HEAD, Index, and Working Tree
If you’ve read tutorials on “unstaging” files, they generally suggest using
reset HEAD
to unstage a file. So why does Git tell us to use rm --cached
in this case? We don’t want to delete the file, just avoid committing it.
The answer is, we can’t do reset HEAD
because we don’t have a HEAD yet.
First, a brief word about how Git keeps track of files that have been committed
or are ready to commit. The area where we view and edit files, Git calls the
“working tree”. When we run git add
, whether it’s on a brand new file or
just one we’ve changed, Git doesn’t just mark the file for commit, it saves a
copy from the working tree to an area it calls the “index”. You can verify this
by creating a file, adding it, editing it, then doing git status
. The file
will show up both as added and modified.
So when we’ve accidentally added a file we don’t want committed, what we
really want Git to do is remove it from the index. That’s exactly what
git rm --cached
does.
“HEAD”, meanwhile, is Git’s name for the latest commit on the current branch (the “tip”). For our brand-new repository, there is no “HEAD” yet, so it really doesn’t make any sense.

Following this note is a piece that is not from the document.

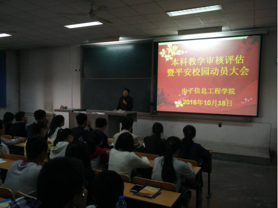 在教1-201召开了本科教学审核评估暨平安校园动员大会。出席本次会议的有电信学院党委书记张忠副教授,学院辅导员刘叶楠老师。电信学院各党支部党员代表、各年级班干部、入党积极分子与会。

But usually we do want reset HEAD
. In fact, if reset HEAD
is the right
answer, Git will even tell us so:
( After an initial commit )
$ git add .gitignore code
$ git status
On branch master
Changes to be committed:
(use "git reset HEAD <file>..." to unstage)
new file: .gitignore
modified: code/code.c
In this case, reset HEAD
will update the index to match “HEAD”. (Updating
the index, but not the working tree, is the default for reset
.) That
means the working tree still has the changes, but the index has no change since
the latest commit, which is exactly what we want.

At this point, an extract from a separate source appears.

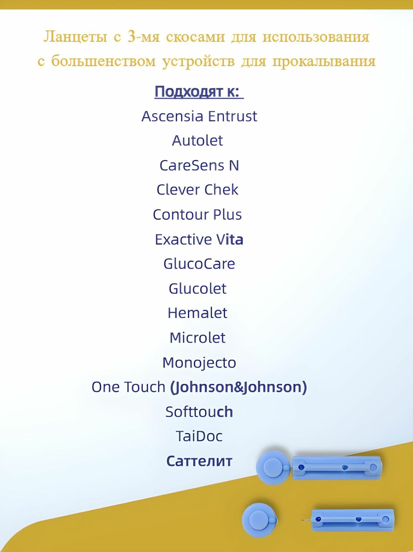 Ниже Вы можете прочитать отзывы на Универсальные ланцеты для глюкометра прокалывателя GlucoDR, ознакомится с подробными характеристиками, посмотреть интересные обзоры и фотографии на Универсальные ланцеты для глюкометра прокалывателя GlucoDR.

For the added file, we could choose to use git rm --cached
or git reset HEAD
,
because either removes the file from the index. But for the modified file, we
don’t want to use rm --cached
, because that will tell Git to stage the file
for deletion! This is true because Git will now mark that file as removed in
the index, when it exists in HEAD. So there’s now a pending deletion if we do
git commit
.
This is a pretty confusing situation. The confusion comes in because the term
“add” is overloaded for both adding new files and for staging modifications to
existing files. Really, it would be best if we could use reset
as the universal
command for unstaging files. And with a modern version of Git, we can. If
we use git reset
in a case where there is no HEAD, it will just remove the file
from the index, which is exactly what we want.

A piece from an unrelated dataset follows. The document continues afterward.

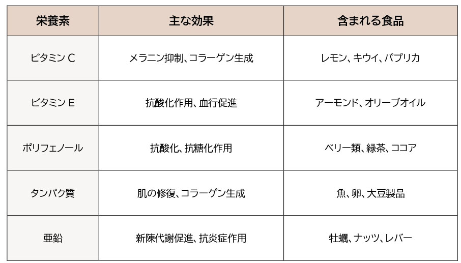 また、抗酸化作用の高いビタミンEやポリフェノールも、肌の酸化を防ぎ、透明感をキープするのに役立ちます。ナッツ類や緑黄色野菜、ベリー類がおすすめです。さらに、良質なタンパク質は肌の修復に必要不可欠。肌にハリを与えるコラーゲンの原料となるので、魚や大豆製品もバランスよく摂取しましょう。

So our previous example becomes:
$ git status
On branch master
Initial commit
Untracked files:
(use "git add <file>..." to include in what will be committed)
code/
nothing added to commit but untracked files present (use "git add" to track)
$ git add code
$ git status
On branch master
Initial commit
Changes to be committed:
(use "git rm --cached <file>..." to unstage)
new file: code/code.c
new file: code/code.o
$ git reset code
$ git status
On branch master
Initial commit
Untracked files:
(use "git add <file>..." to include in what will be committed)
code/
So the only thing left is for the suggestion message to reflect the
new capability of reset
, so we don’t have to be confused. But
at least we picked up a little more detail about Git along the way.